Friday 15 January 2010

The Moral Economy - 1

I went to a really interesting and inspiring event this morning: a talk by Stewart Wallis of NEF about the "moral economy". The audience was a gathering of folk from the arts world and Stewart's theme was the current and coming global economic, ecological and social crisis and what part the arts might play in responding to and addressing it. Stewart's analysis of the failings of the current economic system seemed to me to be spot on:
  • Our consumption of finite natural resources and our damage to natural ecosystems is simply unsustainable
  • The distributions of income and wealth within and between economies have reached grotesque and historically unprecedented levels in the last few decades
  • The global economy is unstable - as the recent banking crisis has demonstrated all too painfully
  • "More is no longer better" - in the West, we are no longer being made happier or have higher levels of wellbeing as a consequence of having more material possessions.

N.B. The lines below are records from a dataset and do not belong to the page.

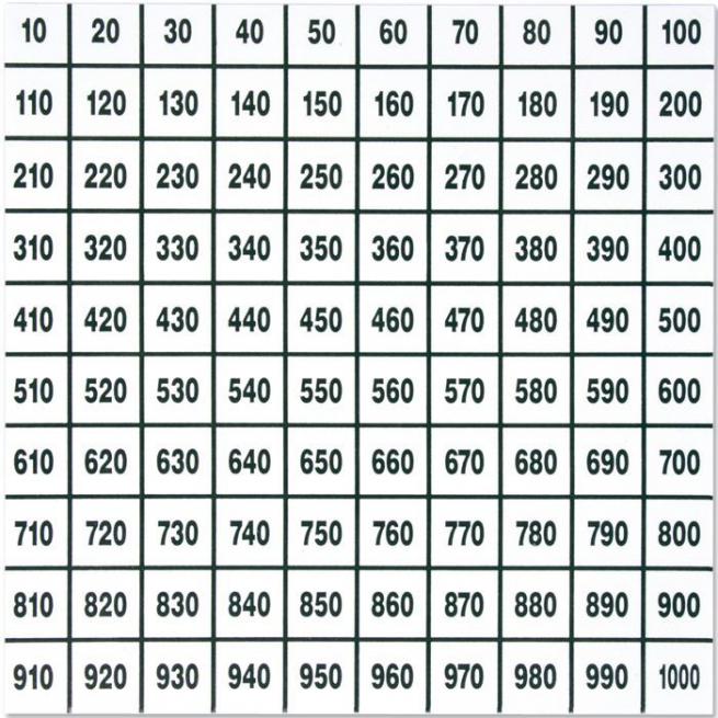 mit 100er-Feld mit den Zahlen von 10 – 1000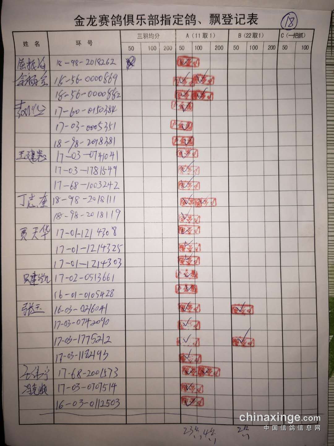 鸽舍赛绩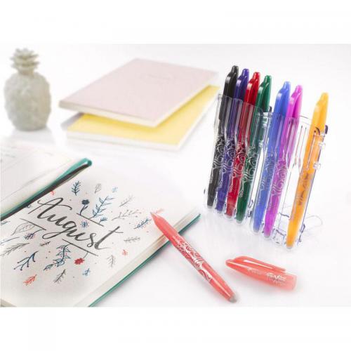 1. Pilot FriXion Set2Go Rollerball Pens have erasable thermo-sensitive ink which allows you to erase any mistakes you make using the rubber on the end of the pen. These rollerball pens are ergonomic and comfortable with a grip to help you control your pen. To help you do your bit for the planet, they are made of 50% recycled material and are refillable. The plastic case doubles as a desktop pen holder to keep your pens organised. This pack of eight pens includes one black, blue, red, green, sky blue, purple, coral pink and apricot orange pen.

Instead we have record levels of depression and other mental illnesses.
In response to this situation, we need a revolution in social values - away from seeking only to maximise narrowly-defined financial profit or personal financial wealth or national GDP and towards a more holistically-defined concept of personal and social wellbeing. I would add that we need to (re?)discover the ability to think and decide from the standpoint of what will benefit us all, not just what will benefit ourselves or our immediate families. In other words, we need to make a transition to a "moral economy" in Stewart's terms.

The arts community is surely in a potentially powerful position to respond to and help address some of these challenges. Theatre, literature, film/TV and the visual arts in particular can be powerful media for radically new ideas and imaginings about how society could be organised to be developed and communicated, to large numbers of people at once and to some extent by-passing the often reactive and sometimes plain obstructive forces of government and the mainstream media.

So..perhaps we need not only creative works that show us how things are (pace Dickens, Zola, Steinbeck, An Inconvenient Truth, Enron, Guernica etc) but some imaginative and radical works that show us how things could be..in a constructive sense rather than the Hollywood disaster movie sense (or even The Age of Stupid).

We also need to engage whole communities in a multi-stranded debate about how society needs to change in very practical ways - and arts venues and facilities and their community programmes could be important resources to be used in that process.